======== Given material

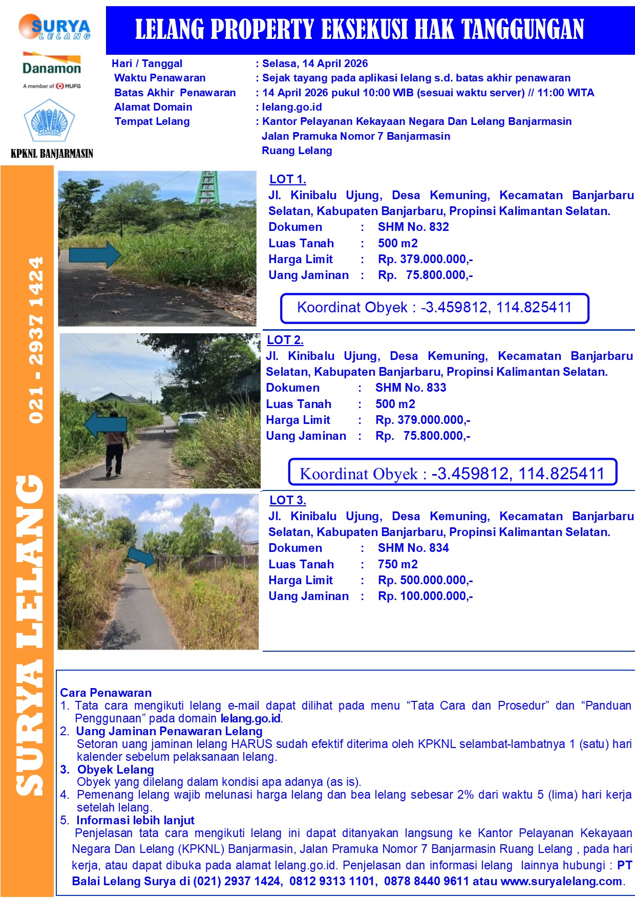 Satu bidang tanah kosong seluas 500 m2 sesuai Sertipikat Hak Milik nomor 832 tanggal 11 Mei 1982, terletak di Jl. Kinibalu Ujung, Desa Kemuning, Kecamatan Banjarbaru Selatan, Kabupaten Banjarbaru, Propinsi Kalimantan Selatan
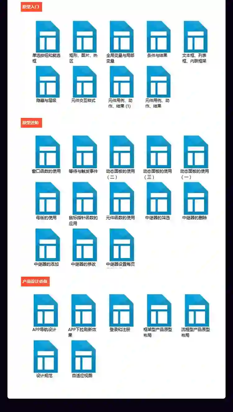 在产品工作中,我们会遇到多种原型使用,低保真、产品Demo、高保真原型等等,课程设置了Axure的进阶内容学习,帮助大家应对不同场景需求。
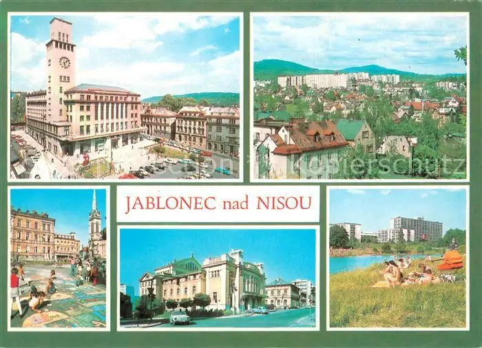 Jablonec_nad_Nisou Marktplatz Rathaus Stadtpanorama Wohnsiedlung Theater Kinder Strassenmalerei Jablonec_nad_Nisou postalisch nicht gelaufen nach 1965 Erhaltung siehe scans [FriedD77] Frierer
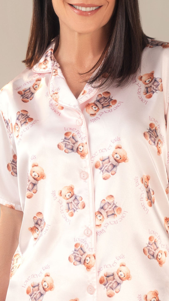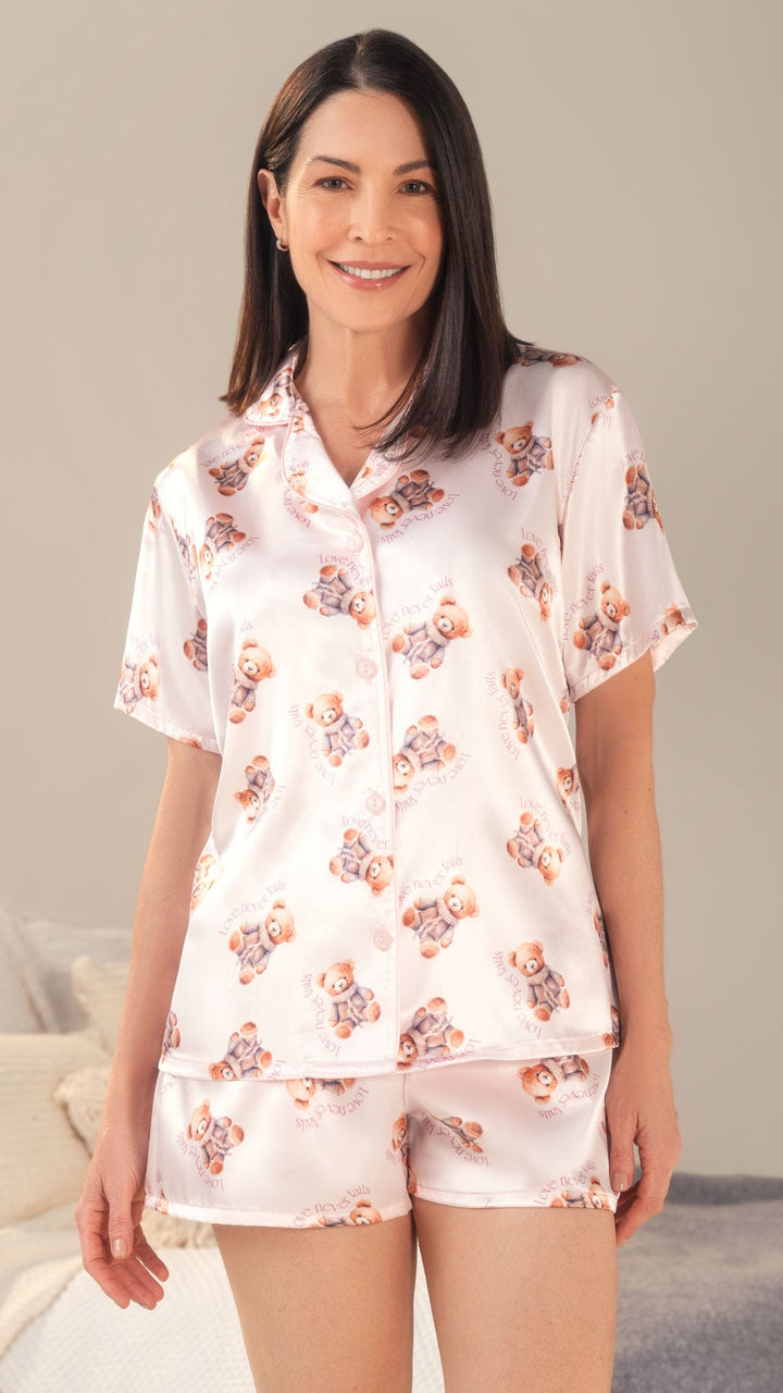 Pijama para mujer en satín estampado con camisa manga corta con botones y short de cintura elástica para un ajuste perfecto.

================

» Your instructions: Please give the material above again in full, with no pictures in your version.

» Answer to this exercise:
 Satu bidang tanah kosong seluas 500 m2 sesuai Sertipikat Hak Milik nomor 832 tanggal 11 Mei 1982, terletak di Jl. Kinibalu Ujung, Desa Kemuning, Kecamatan Banjarbaru Selatan, Kabupaten Banjarbaru, Propinsi Kalimantan Selatan
 在产品工作中,我们会遇到多种原型使用,低保真、产品Demo、高保真原型等等,课程设置了Axure的进阶内容学习,帮助大家应对不同场景需求。
 Jablonec_nad_Nisou Marktplatz Rathaus Stadtpanorama Wohnsiedlung Theater Kinder Strassenmalerei Jablonec_nad_Nisou postalisch nicht gelaufen nach 1965 Erhaltung siehe scans [FriedD77] Frierer
 Pijama para mujer en satín estampado con camisa manga corta con botones y short de cintura elástica para un ajuste perfecto.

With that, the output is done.